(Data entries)
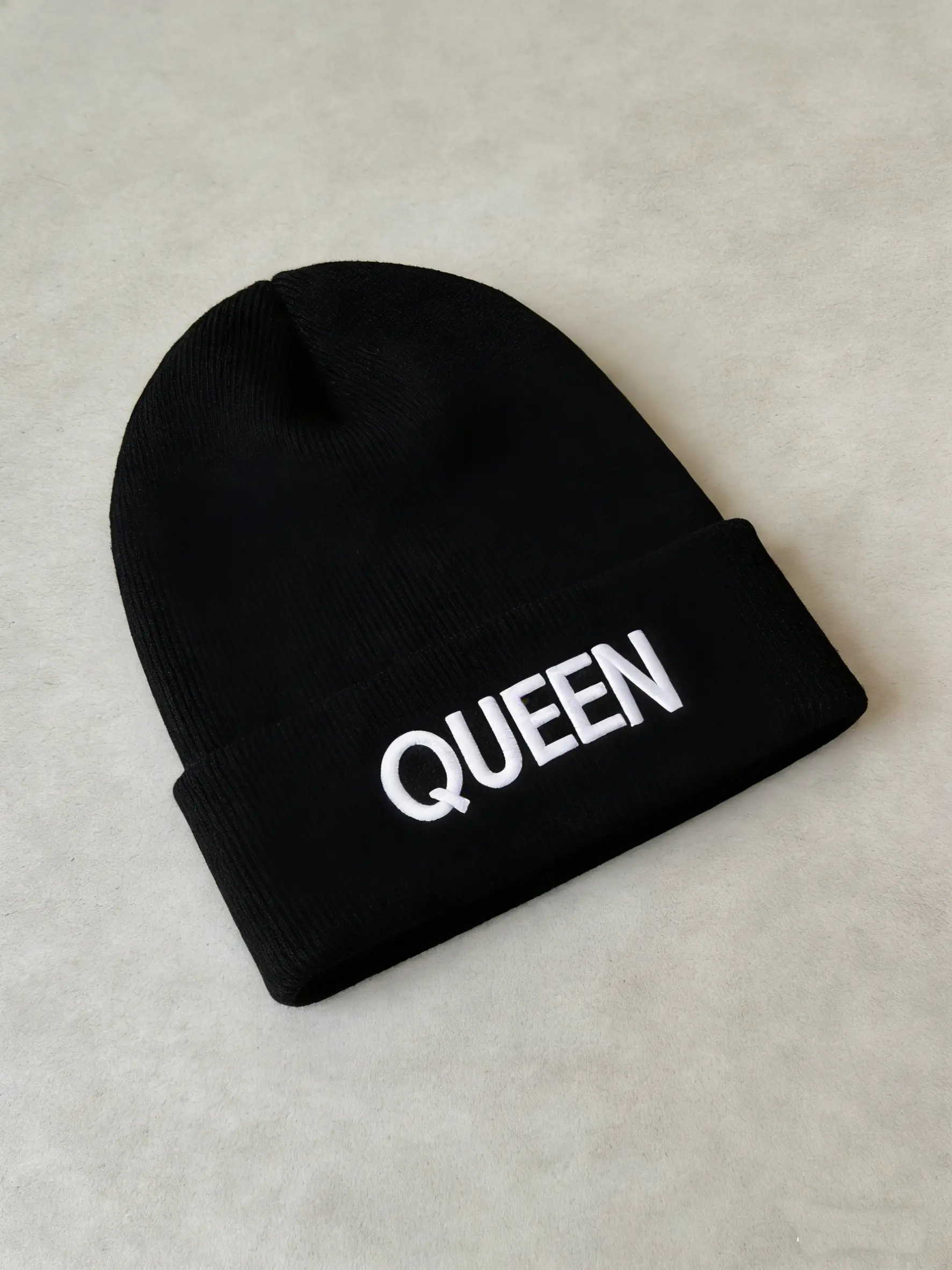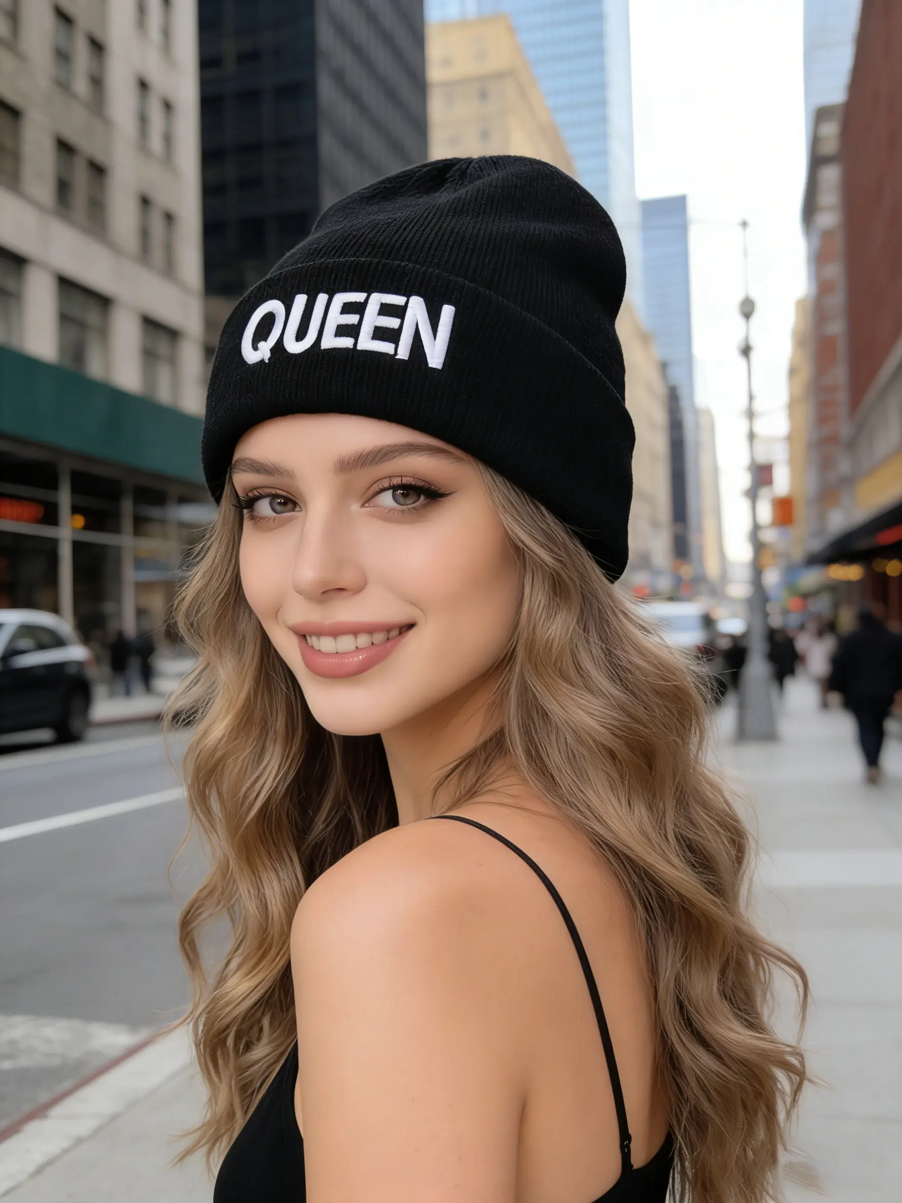 Elevate your street style with this iconic black knit beanie featuring bold white "QUEEN" lettering. Designed for fashion-forward women and teens, this hat is the ultimate accessory to make a statement.
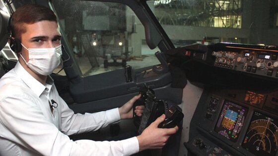 Затем Артем прошел инструктаж со всеми членами экипажа. Вместе с командиром самолета Сергеем Малиновским они осмотрели Boeing 737-800. Артему рассказали об особенностях управления авиалайнером, он изучал строение кабины пилотов, задавал вопросы и посидел на месте командира воздушного судна.
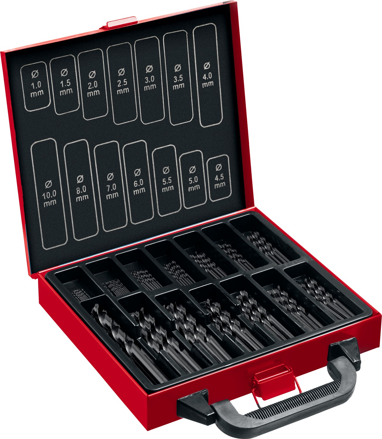 В набор для сверления металла обычно входят сверла из быстрорежущей стали (HSS) различного диаметра, предназначенные для работы с металлами разной плотности.
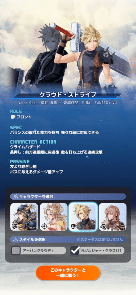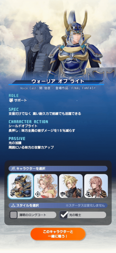 最初に使用できるキャラはウォーリア・オブ・ライト、ティナ、クラウド、ライトニングの4人から選択できる。スタイルは見た目が変わるだけなので好きなほうを選ぼう。なおこの4人はチュートリアルシーズンの報酬で手に入るので選ばなかったらなかなか手に入らないのでは、というのではないのでご安心を。
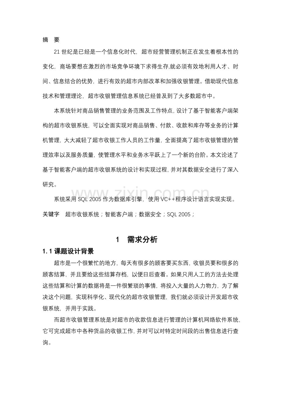 关键字 超市收银系统;智能客户端;数据安全;SQL 2005;
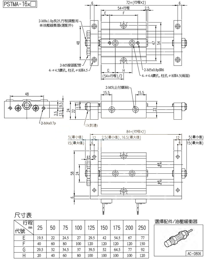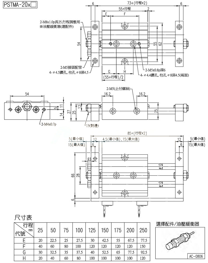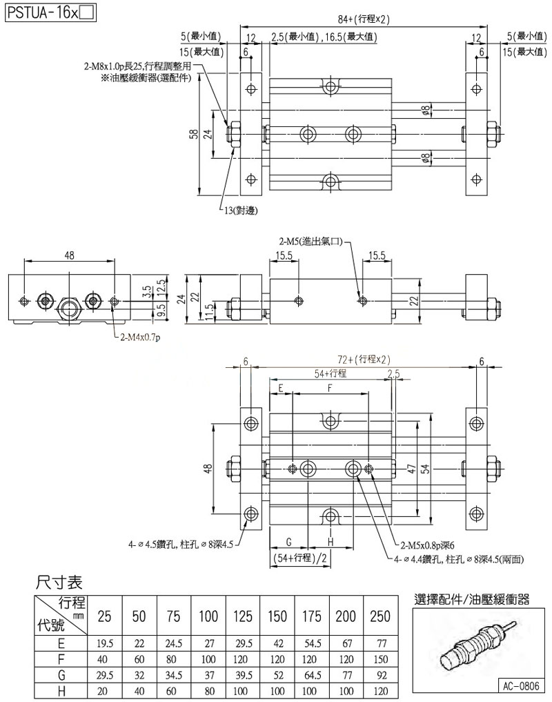PSTUA-16,PSTUA-25,PSTUA-32,PSTMA-16,PSTMA-20,PSTMA-32,panix滑臺氣缸

What is required:
Line by line, write out the entries exactly, and leave the pictures out.

Answer box:
 Elevate your street style with this iconic black knit beanie featuring bold white "QUEEN" lettering. Designed for fashion-forward women and teens, this hat is the ultimate accessory to make a statement.
 Затем Артем прошел инструктаж со всеми членами экипажа. Вместе с командиром самолета Сергеем Малиновским они осмотрели Boeing 737-800. Артему рассказали об особенностях управления авиалайнером, он изучал строение кабины пилотов, задавал вопросы и посидел на месте командира воздушного судна.
 В набор для сверления металла обычно входят сверла из быстрорежущей стали (HSS) различного диаметра, предназначенные для работы с металлами разной плотности.
 最初に使用できるキャラはウォーリア・オブ・ライト、ティナ、クラウド、ライトニングの4人から選択できる。スタイルは見た目が変わるだけなので好きなほうを選ぼう。なおこの4人はチュートリアルシーズンの報酬で手に入るので選ばなかったらなかなか手に入らないのでは、というのではないのでご安心を。
 关键字 超市收银系统;智能客户端;数据安全;SQL 2005;
PSTUA-16,PSTUA-25,PSTUA-32,PSTMA-16,PSTMA-20,PSTMA-32,panix滑臺氣缸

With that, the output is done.